Decomposition methods for parameter identification and bilevel programming

This thesis deals with optimization problems that involve complex subtasks. Treating these problems as nonlinear programs often leads to difficulties in the numerical solution, for example the convergence to undesired local solutions for poor initial guesses.
To circumvent these problems, the concept of decomposition is introduced. The complex subtask is modeled by artificial variables and constraints. On the one hand, this increases the dimensionality of the problem, which on the other hand allows a user to employ suitable initialization strategies. This idea is applied to the problem classes of nonlinear parameter identification for dynamical systems and bilevel optimization. For the latter, a reformulation method is developed, which is based on embedding a fixed number of Sequential Quadratic Programming iteration steps to solve the subtask given as a nonlinear program.
The focus of this work is on the numerical verification of different decomposition approaches. Using the examples of a pendulum and a robotic system, it is demonstrated that the choice of the problem formulation in combination with a suitable initialization strategy influences the region of attraction of the global solution of the associated parameter identification problem. Finally, an extension of a single shooting homotopy approach is presented. In the area of bilevel optimization, examples are used to show that the number of embedded iteration steps increases the region of attraction of the global solution. The newly developed method is also compared with other established methods. Using a collection of bilevel problems, its handling, flexibility, and efficiency are investigated.
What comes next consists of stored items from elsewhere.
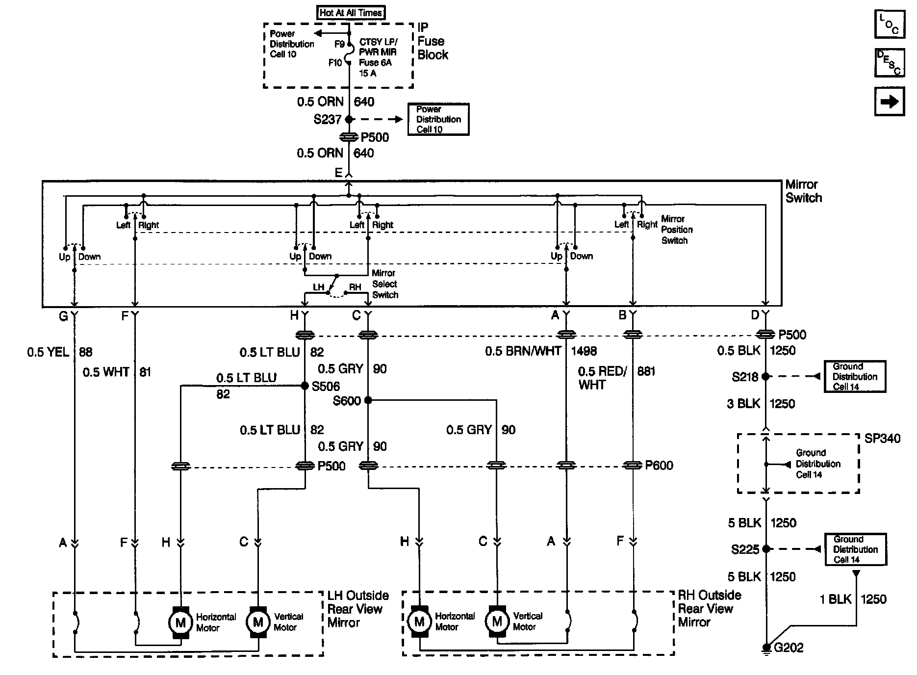 Outside Mirror Schematics: Oldsmobile Without Memory Mirrors:
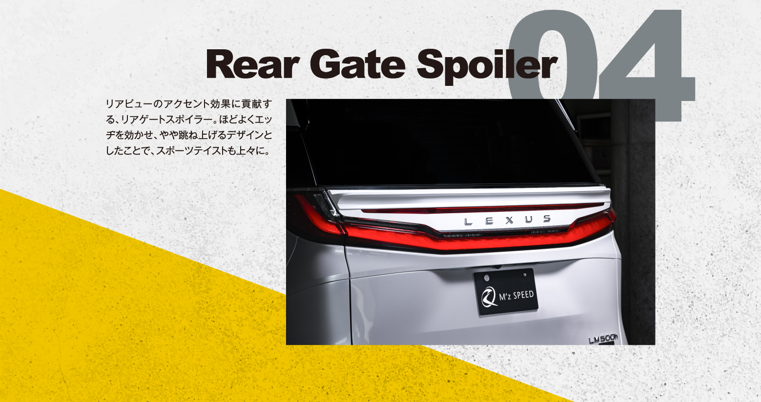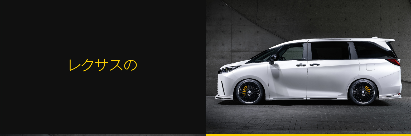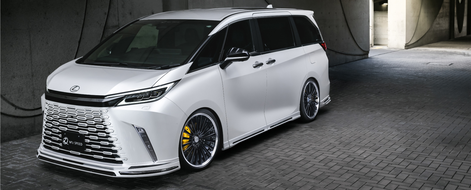 EXCLUSIVE ZEUS GRACE LINE LEXUS LM LEXUS LM Front Left Side Image さりげなくも、確かな個性を植え付けるギミック。 言うまでもなく、ミニバン界のトップ・オブ・ラグジュアリーな一台、レクサスLM。レクサスのブランディングに相応しいプレミアムなその風格は一目を置く存在だ。このレクサスLMにエムズスピードが用意したカスタムメニューは大人的なギミックを採用したボディキット。ミニバン専用のエアロシリーズ、GRACE LINE(グレースライン)のプロデュースとなります。 パーツ構成はフロントハーフスポイラー、サイドステップ、リアアンダースポイラー、フロントグリルガーニッシュ、リアゲートスポイラー、ドアミラーカバー、ピラーパネルと、アイテムは多数。なんといっても最大のトピックは、ボトム3点のスポイラーに仕込んだ純正のメッキ加飾をエアロから覗かせるというギミック。一見シンプルなルックですが、このメッキ加飾をさらに際立たせる効果的な演出。これぞレクサスの世界観をキープしつつも、しっかりと見せ場を作った大人なエアロカスタムです。 LEXUS LM Rear Right Side Image 基本は薄型設計で レクサスの プレミアムな風格はキープ。 01 Front Half Spoiler: 純正バンパーのボトムまわりの段付き形状をプレーンに補正する形状を採用する、フロントハーフスポイラー。加えて、下方向へ46mm拡大したサイズ感で、プチ整形。少し厚みを増したフェイスは存在感も確実にアップ。 DETAIL エアロにダクトを設け、そのダクトから純正のメッキ加飾が覗くようなギミックを採用。フェイス正面のメッキ部分もしっかりと見せる仕立て。 中央に走る横長ダクト風のプレスには、ほんのさりげなくフィンを通してディフューザーライクに。デモカーのように塗り分け塗装を施せば、さらにその効果は倍増。 02 Side Step: サイドステップにもスリットダクトを採用し、メッキ加飾見せ。サイズ感はそれほど大きくはないものの、リブを設けることで抑揚のあるルックスに仕上がりました。 03 Rear Under Spoiler: フロントと同様にサイズ感はコンパクトながら、ディフューザーやデザインプレスを効果的に投入することで、存在感を増したリアビュー。 DETAIL 横一直線に走るメッキ加飾を一部寸断することで、コーナー部分が別体のようなメッキ見せに。よりメッキ感が強まったことで、印象的なデザインへと生まれ変わります。 リアにも中央に走る横長ダクト風のプレスを採用。そこにフィンを3本通してディフューザーデザインを描きます。塗り分け塗装の効果もバツグン。 ボトム部分はフラップ形状としたことで、スポーティな雰囲気に。少しスクエアな造形とあって、全体像のシルエットとしてシャープな印象に仕上がります。 Front Grille Garnish 印象をガラリとチェンジできるスグレモノ! フェイスのアクセントアイテムとして一役買う、フロントグリルガーニッシュ。スピンドルボディの一部をブラックアウトすることで、精悍なルックスへと早変わり。 04 Rear Gate Spoiler: リアビューのアクセント効果に貢献する、リアゲートスポイラー。ほどよくエッヂを効かせ、やや跳ね上げるデザインとしたことで、スポーツテイストも上々に。 05 Door Mirror Cover: 純正のドアミラーに被せるだけの簡単装着が人気の、ドアミラーカバーにも注目。デザイン的には天面にフィンを走らせたスポーティな意匠です。 06 Pillar Panel: DIYでもチャレンジできる、簡単取り付けOKのピラーパネル。スポーツメイクにはテッパンの、カーボン調のルックス。 WHEEL FORGED DESIGN 666 Ⓕ®22×9.0J 34(245/35-22)足元にはプレミアムシリーズとなる鍛造製のフォージドデザイン666をインストール。フィンデザインがLMのエレガントさにジャストフィットします。装着カラーは新色として追加されたブラック。 LEXUS LM Front Left Wheel Image LEXUS LM Front Right Side Image
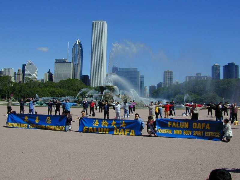 【明慧网2000年5月17日】五月十三日,经过了几天风雨冲刷后的芝加哥显得格外洁净而又妩媚娇艳。在蓝天白云映衬下的密西根湖更令人心旷神怡。清晨,大芝加哥地区的学员从四面八方纷纷汇集到市中心著名的白金汉喷泉广场。在晨风中拉起了“法轮大法”和“真善忍”等横幅,法轮大法学员们在祥和而又庄严的气氛中炼功。在这特殊的日子里我们向世人展现了法轮大法修炼人的风采。这种宁静的气氛象一块巨大的磁铁吸引着晨炼的市民和观光的游客。中西方的主要媒体也前来采访报道。专门拍摄芝加哥风光的摄影师前来抓拍这难以忘怀的场面。一群来芝加哥游玩的中学生兴奋地加入了我们炼功的行列,在学员的演示下炼起了“法轮周天法”。

It is also demonstrated for both problem classes that a decomposition has only a minor impact on computation times due to the exploitation of sparsity. In addition, decomposition allows to keep the required number of iterations stable despite poor initial guesses.
The obtained results show that both problem classes can be considered under a common aspect. Important criteria, such as the robustness or the region of attraction of the global solution, can be influenced solely by reformulating the problem.